§ **What the task asks**
Would it be possible to output exactly, and only, the lines below from the one holding "Immagine Un acquerello" to the last line, both included, with every picture left out?
■ ■ ■ ■
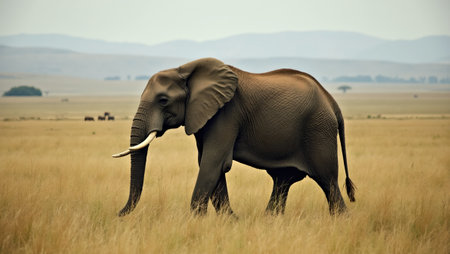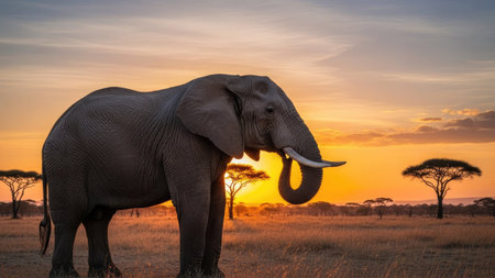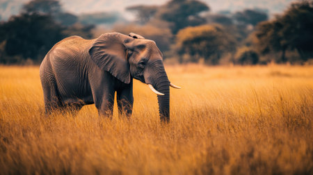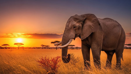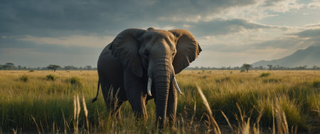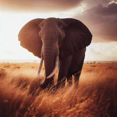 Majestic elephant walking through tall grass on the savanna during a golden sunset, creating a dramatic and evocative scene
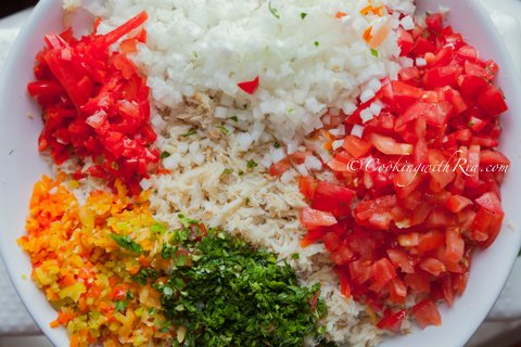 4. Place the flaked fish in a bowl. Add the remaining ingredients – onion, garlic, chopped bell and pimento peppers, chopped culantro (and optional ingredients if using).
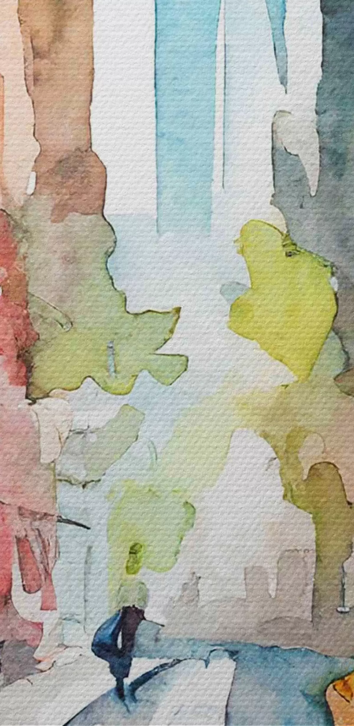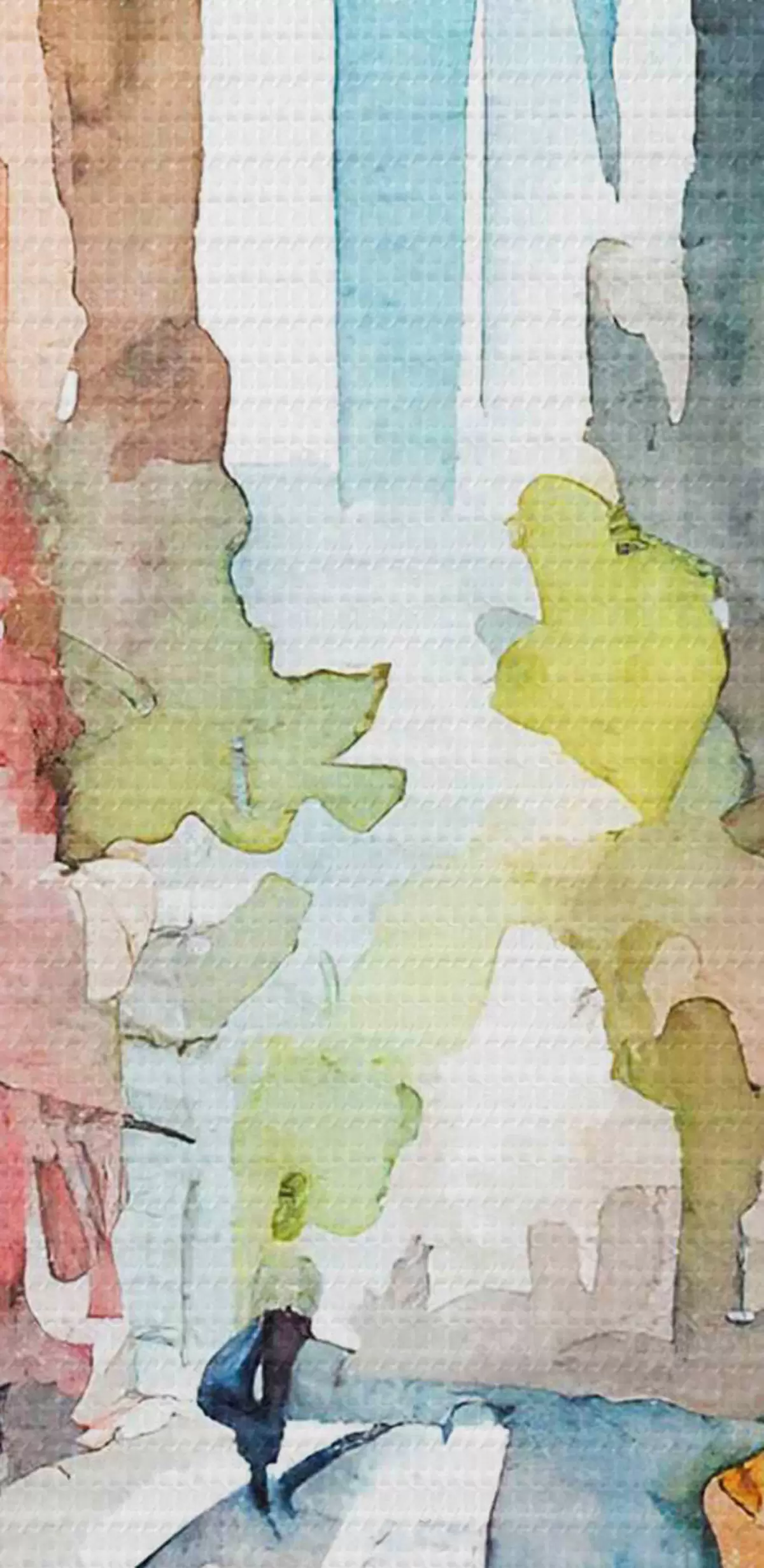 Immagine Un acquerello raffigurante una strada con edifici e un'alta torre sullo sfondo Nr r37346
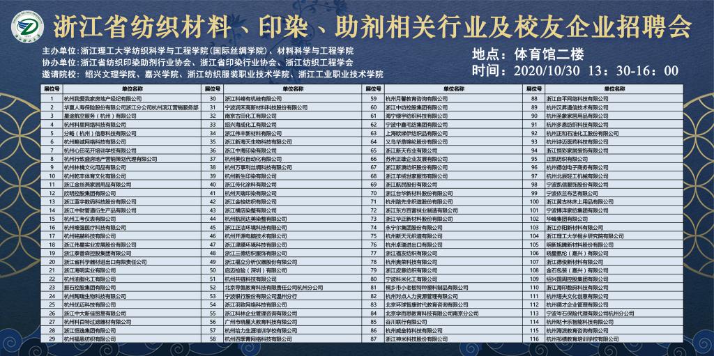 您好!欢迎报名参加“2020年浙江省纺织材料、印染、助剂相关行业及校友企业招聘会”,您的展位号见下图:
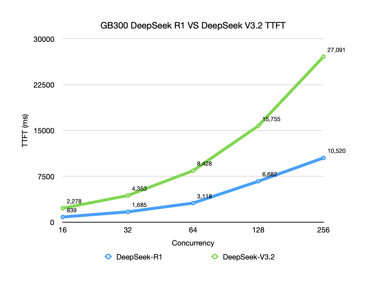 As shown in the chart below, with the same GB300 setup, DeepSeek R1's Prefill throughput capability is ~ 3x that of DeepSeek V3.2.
■ ■ ■ ■
§ **Answer box**
 Immagine Un acquerello raffigurante una strada con edifici e un'alta torre sullo sfondo Nr r37346
 您好!欢迎报名参加“2020年浙江省纺织材料、印染、助剂相关行业及校友企业招聘会”,您的展位号见下图:
 As shown in the chart below, with the same GB300 setup, DeepSeek R1's Prefill throughput capability is ~ 3x that of DeepSeek V3.2.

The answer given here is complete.